1. Perform unsupervised pretraining using QlORA on the wireless standards book.
https://pytorch.org/torchtune/stable/tutorials/qlora_finetune.html

2. Due to unsupervised pretraining the model loses the ability to converse with the humans. So we need to do Instruction finetuning after this.
    Instruction finetuning allows trains the llm to follow the instructions provided  and generate answers in the desired format.
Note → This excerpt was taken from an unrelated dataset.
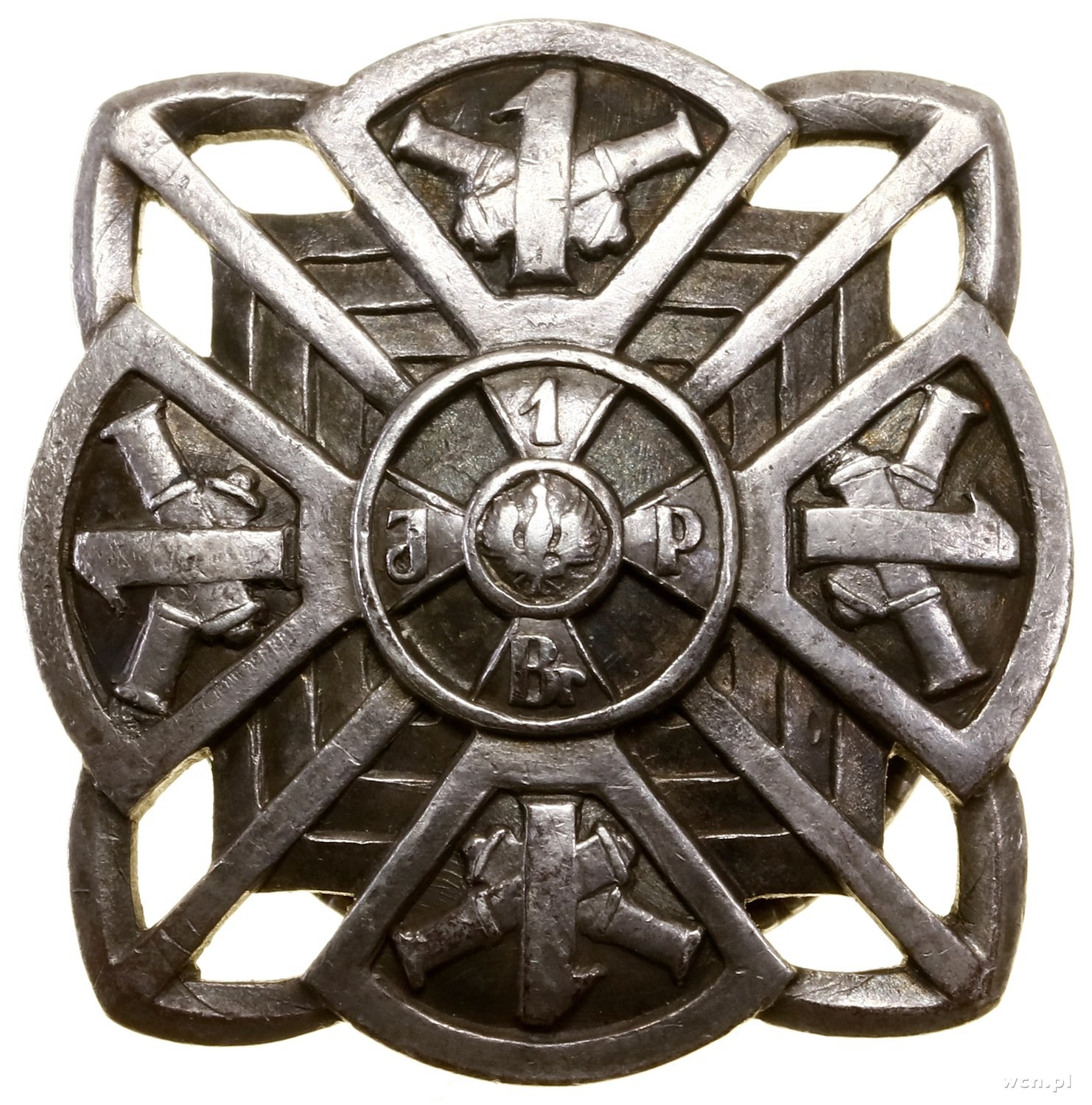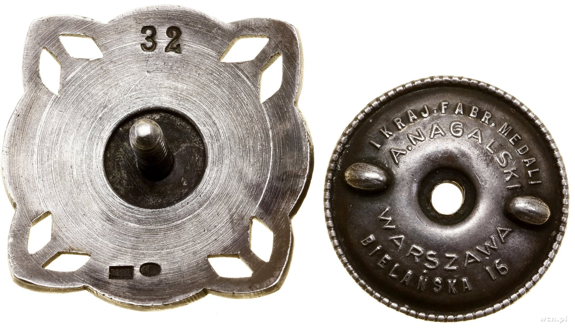 II Rzeczpospolita Polska (1918–1939), Oficerska Odznaka Pamiątkowa 1. Pułku Artylerii Polowej, od 1929; Krzyż złożony z czterech tarcz-toporów, w każdym cyfra 1 na tle skrzyżowanych armat, w kątach wici-strzały, w medalionie miniatura odznaki „Za wierną Służbę”, na stronie odwrotnej wybite 32, punca srebra i imiennik AN, odznaka jednoczęściowa, mocowana na słupek, nakrętka sygnowana I KRAJ MEDALJERNIA / A NAGALSKI - WARSZAWA / BIELAŃSKA 16; Sawicki/Wielechowski s. 228; srebro, 32.3 x 32.4 mm, 14.53 g (odznaka), 4.58 g (nakrętka); bardzo ładnie zachowana, niski numer.

Otherwise after step 1 we just geta sentence completion model.
3. Once step 1 and 2 are done, we evaluate the LLM on a set of MCQ questions

### Mount your google drive, it will contain the required folders

In [5]:
from google.colab import drive
drive.mount('/content/drive')

Drive already mounted at /content/drive; to attempt to forcibly remount, call drive.mount("/content/drive", force_remount=True).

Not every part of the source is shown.